Segment Start: INFORMATION
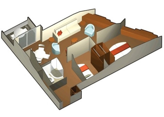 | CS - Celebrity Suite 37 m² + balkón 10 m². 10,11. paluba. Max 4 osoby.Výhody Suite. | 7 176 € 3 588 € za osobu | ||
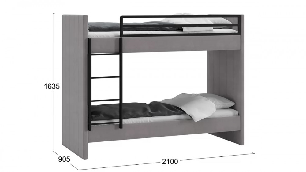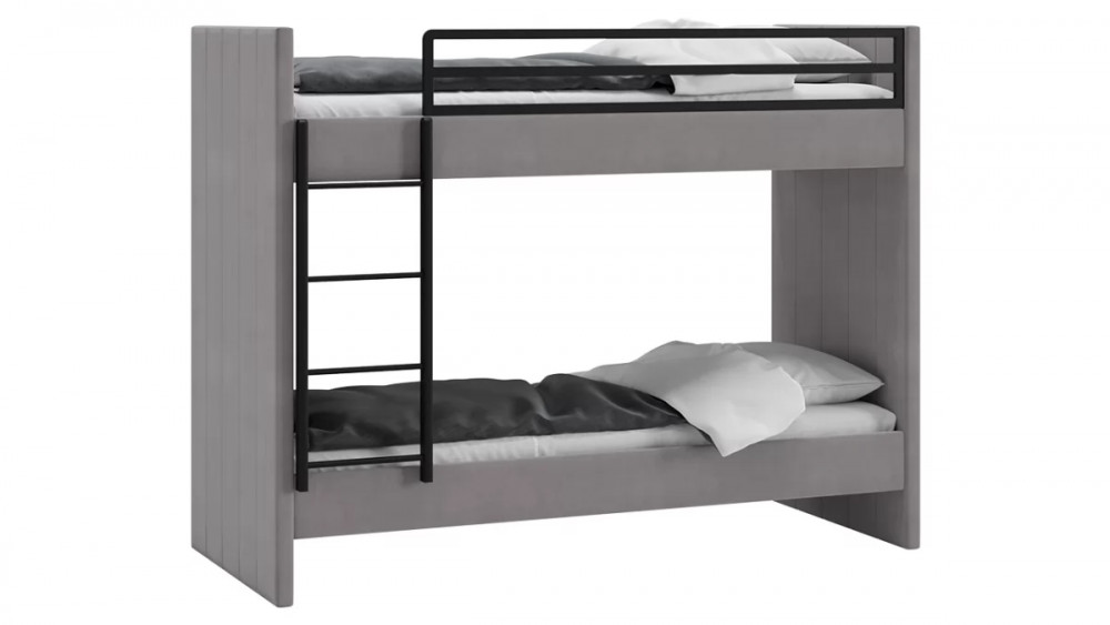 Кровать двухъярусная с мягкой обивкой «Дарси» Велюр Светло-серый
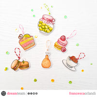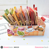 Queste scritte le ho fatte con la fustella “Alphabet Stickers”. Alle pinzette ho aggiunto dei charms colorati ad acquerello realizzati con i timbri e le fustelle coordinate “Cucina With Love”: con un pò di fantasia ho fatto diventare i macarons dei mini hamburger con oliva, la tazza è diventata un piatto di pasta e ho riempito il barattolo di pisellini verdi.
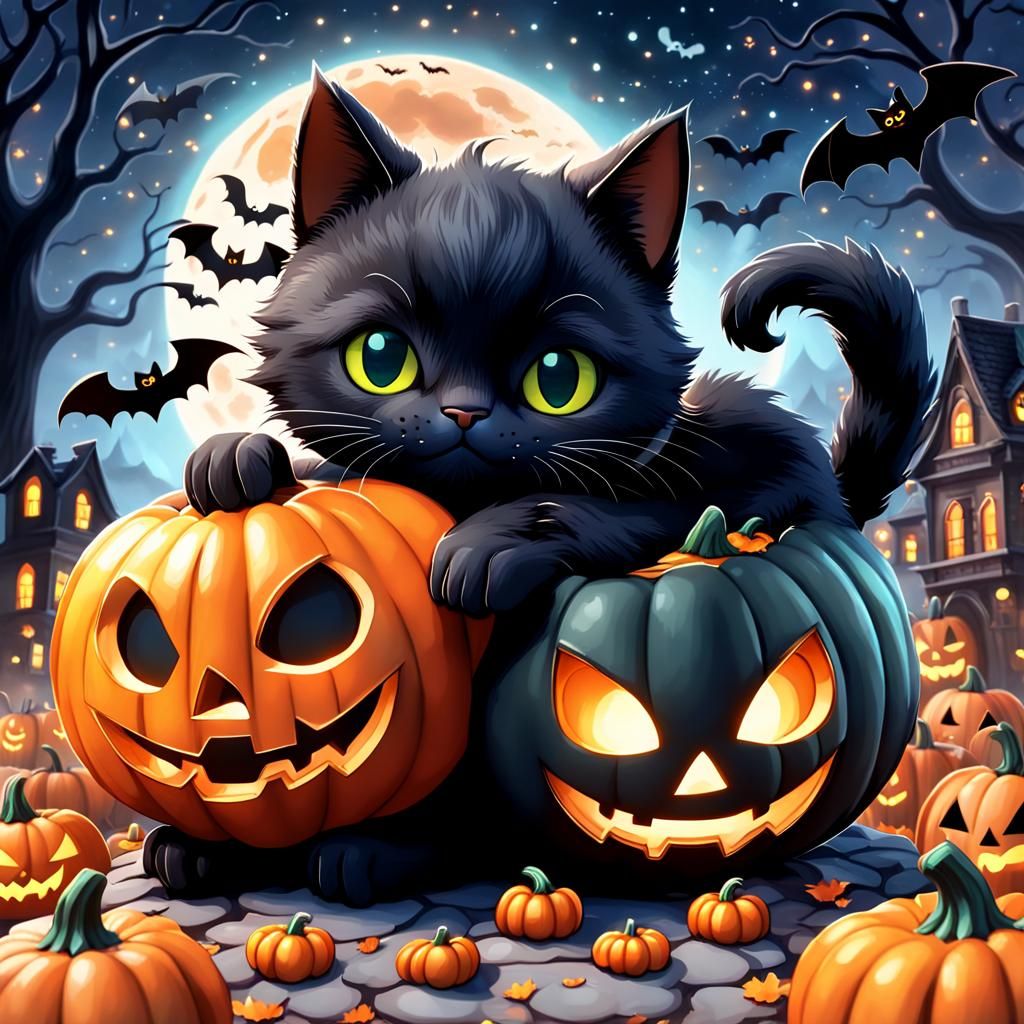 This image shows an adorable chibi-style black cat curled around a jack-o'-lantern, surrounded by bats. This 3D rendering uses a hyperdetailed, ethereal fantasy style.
Segment End: INFORMATION
Segment Start: INFORMATION
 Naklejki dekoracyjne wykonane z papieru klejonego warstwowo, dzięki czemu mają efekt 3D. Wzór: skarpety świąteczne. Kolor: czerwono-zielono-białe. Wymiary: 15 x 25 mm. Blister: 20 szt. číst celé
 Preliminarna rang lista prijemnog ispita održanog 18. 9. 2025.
Segment End: INFORMATION
Segment Start: INFORMATION
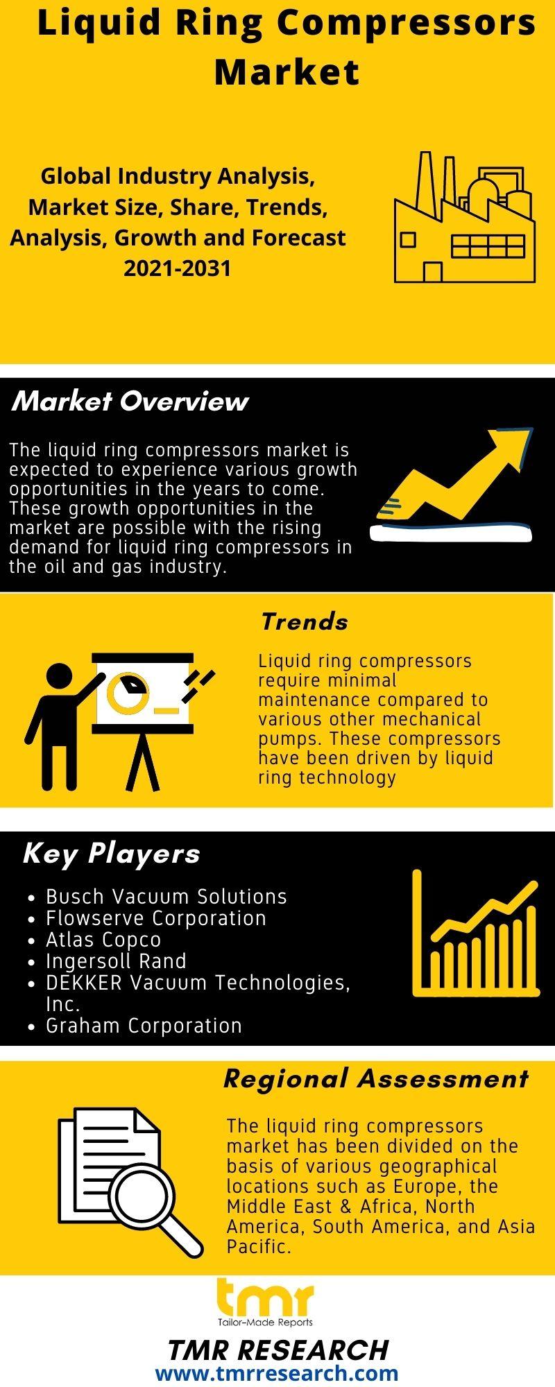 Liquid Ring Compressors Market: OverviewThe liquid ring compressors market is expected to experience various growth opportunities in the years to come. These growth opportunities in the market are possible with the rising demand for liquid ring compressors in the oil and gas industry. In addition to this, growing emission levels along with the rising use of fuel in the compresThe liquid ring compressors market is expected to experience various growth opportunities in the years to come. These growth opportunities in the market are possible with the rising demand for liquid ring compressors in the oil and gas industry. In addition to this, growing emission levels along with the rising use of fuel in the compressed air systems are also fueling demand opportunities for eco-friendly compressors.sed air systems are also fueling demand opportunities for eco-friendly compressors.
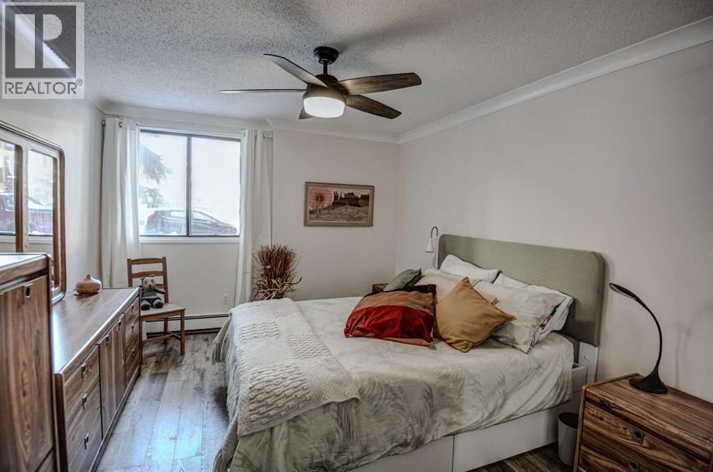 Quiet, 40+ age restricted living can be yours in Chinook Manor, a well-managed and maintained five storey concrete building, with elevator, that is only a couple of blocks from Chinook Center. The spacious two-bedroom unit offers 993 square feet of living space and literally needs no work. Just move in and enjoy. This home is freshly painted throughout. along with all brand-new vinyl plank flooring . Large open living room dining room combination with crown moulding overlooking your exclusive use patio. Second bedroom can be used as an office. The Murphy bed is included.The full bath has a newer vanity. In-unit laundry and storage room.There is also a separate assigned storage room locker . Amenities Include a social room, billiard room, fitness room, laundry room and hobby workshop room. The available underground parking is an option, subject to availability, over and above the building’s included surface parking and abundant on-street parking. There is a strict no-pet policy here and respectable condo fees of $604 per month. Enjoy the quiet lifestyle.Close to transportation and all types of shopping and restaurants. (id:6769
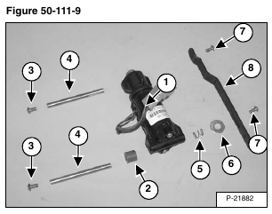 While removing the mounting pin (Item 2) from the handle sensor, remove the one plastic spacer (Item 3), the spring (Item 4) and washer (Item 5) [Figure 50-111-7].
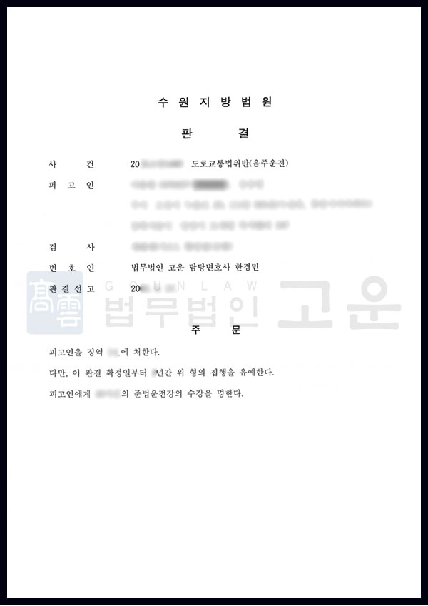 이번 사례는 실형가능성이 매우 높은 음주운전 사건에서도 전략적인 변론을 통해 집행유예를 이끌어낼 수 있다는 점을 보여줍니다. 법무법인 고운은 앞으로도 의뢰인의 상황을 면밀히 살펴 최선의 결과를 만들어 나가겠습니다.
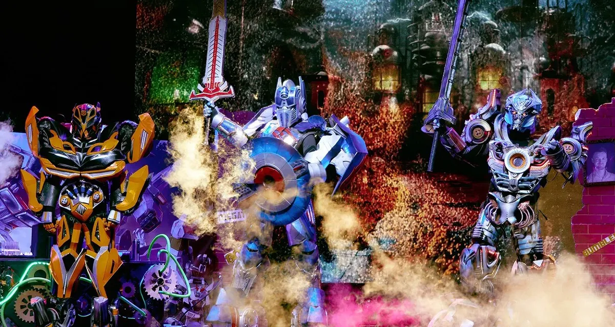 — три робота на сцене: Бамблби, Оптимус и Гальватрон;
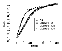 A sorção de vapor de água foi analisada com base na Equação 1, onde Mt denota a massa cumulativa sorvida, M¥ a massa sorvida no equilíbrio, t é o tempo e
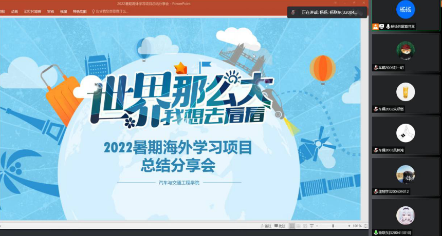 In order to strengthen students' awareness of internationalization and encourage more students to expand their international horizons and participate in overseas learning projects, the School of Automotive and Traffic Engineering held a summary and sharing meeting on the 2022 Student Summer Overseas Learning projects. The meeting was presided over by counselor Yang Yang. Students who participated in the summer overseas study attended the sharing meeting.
Segment End: INFORMATION
- HOW TO COMPLETE THIS TASK -
Look above for the line containing "Оптимус и Гальватрон;" and the line containing "In order to", then reproduce both and everything between them exactly, pictures omitted.

- SOLUTION FOR THIS EXERCISE -
 — три робота на сцене: Бамблби, Оптимус и Гальватрон;
 A sorção de vapor de água foi analisada com base na Equação 1, onde Mt denota a massa cumulativa sorvida, M¥ a massa sorvida no equilíbrio, t é o tempo e
 In order to strengthen students' awareness of internationalization and encourage more students to expand their international horizons and participate in overseas learning projects, the School of Automotive and Traffic Engineering held a summary and sharing meeting on the 2022 Student Summer Overseas Learning projects. The meeting was presided over by counselor Yang Yang. Students who participated in the summer overseas study attended the sharing meeting.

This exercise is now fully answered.